Segundo a pedagoga brasileira Nilma Lino Gomes, os penteados trançados nasceram como indicativos de status nas sociedades africanas. Primeira mulher negra a comandar uma universidade pública federal brasileira (foi eleita reitora da Universidade da Integração Internacional da Lusofonia Afro-Brasileira em 2013), Nilma lembrou, em artigo seu de 2003, que “no início do século 15, o cabelo funcionava como um condutor de mensagens na maioria das sociedades africanas ocidentais”, sendo “parte integrante de um complexo sistema de linguagem”. O estilo do penteado podia indicar, por exemplo, o estado civil, a origem, a idade, a religião, a etnia, a riqueza e até a posição social da pessoa. “O significado social do cabelo era uma riqueza para o africano”, escreveu a pedagoga, cujas pesquisas apontaram que, entre alguns povos, uma mulher deixar o cabelo despenteado sinalizava que alguma coisa estava errada, que ela estava de luto ou deprimida, por exemplo.

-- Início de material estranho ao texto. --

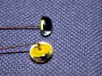 | Bekannterweise sind Augen beim Streamer Schlüsselreize, die gerne angenommen werden. Der Draht wird mit einer Zange in die gewünschte Form gebracht. Der Augenhintergrund wird gelb lackiert, so kommen sie besser zur Geltung. | Der Draht
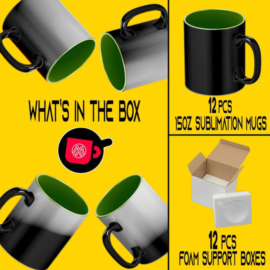 Whether you're a DIY enthusiast, a small business owner, or looking to add some magic to your kitchen, these color changing mugs are a fantastic choice. Order your set of 12 15oz Green Inner Color Changing Sublimation Mugs today and experience the enchantment!
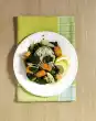 Melt 10 g fat in the pot. Swivel the broccoli in it. Sprinkle with almonds. Add leek to the pasta 2 minutes before the end of cooking time. Drain the noodles and leek, drain and fold in the orange fillets.
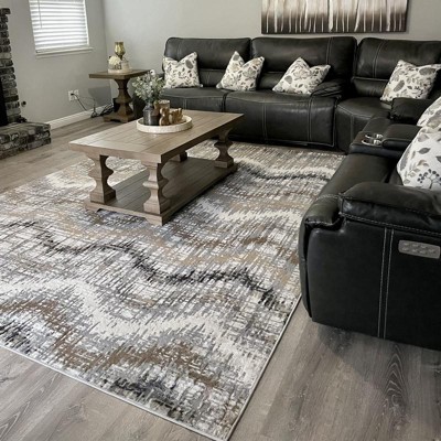 - Abstract area rug design in cool grey, deep red, ivory, blue, and rust orange hue create movement in modern and contemporary decor

Considerado este contexto histórico, poderíamos atribuir apenas a desinformação o fato de, recentemente, uma clínica médica na Grande Belo Horizonte ter demitido uma recepcionista que se recusou a desfazer as tranças afro de seu cabelo. Só que não! Acionada na Justiça, a empregadora disse, no processo, que “o penteado não se enquadrava no padrão estético que a boa imagem institucional exigia”. Acabou condenada, em primeira instância, a indenizar a ex-funcionária em R$ 30 mil por danos morais.

Justiça feita, já que, quando você diz que um penteado afro está em desacordo com a “boa” imagem que quer passar, está afirmando, nas entrelinhas, que a cultura negra (da qual este penteado é uma expressão) passa uma imagem ruim. E quando você diz que a cultura ou a raça à qual uma pessoa pertence é menor, você está dizendo que esta pessoa é menor. Isso provoca o que, em Direito, configura dano moral (abalo psíquico, intelectual ou moral sofrido em decorrência de um ataque à imagem, honra, etc).

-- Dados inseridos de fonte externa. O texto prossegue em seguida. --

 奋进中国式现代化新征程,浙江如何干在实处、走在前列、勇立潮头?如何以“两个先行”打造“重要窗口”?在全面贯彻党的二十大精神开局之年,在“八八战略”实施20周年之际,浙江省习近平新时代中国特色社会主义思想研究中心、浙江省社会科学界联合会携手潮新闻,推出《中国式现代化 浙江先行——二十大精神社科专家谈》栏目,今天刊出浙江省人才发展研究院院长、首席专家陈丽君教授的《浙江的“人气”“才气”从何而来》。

Esse tipo de comportamento – que seus praticantes nem percebem que é preconceituoso porque não se dão ao trabalho de refletir sobre – é considerado “racismo estrutural”. É chamado assim porque está amalgamado na estrutura social de tal forma que, de tanto ser praticado sem reflexão, as pessoas consideram “normal”, inofensivo, até certo. Mas pra quem o sofre não é!

Reflita: o que leva alguém a considerar a cultura afro ruim? Quem se der ao trabalho de responder a esta pergunta pra si mesmo, com sinceridade, correrá o risco de descobrir que também é racista.

Vejamos:

Se para respondê-la você lembrou que a população preta é maioria nos bolsões de pobreza e presídios brasileiros (o que é verdade) está sendo preconceituoso, porque nem todo negro é pobre ou criminoso. Pensar nisso ao visualizar um penteado afro denuncia, nas palavras do dicionário Oxford, uma “generalização apressada”, ou seja, que você está julgando toda uma população pelos erros de uma parcela dela.

Além de preconceituoso, está sendo injusto (por admitir a possibilidade de negros serem mais propensos ao crime) e, na melhor das hipóteses, mal informado, por ignorar as razões históricas dessa estatística.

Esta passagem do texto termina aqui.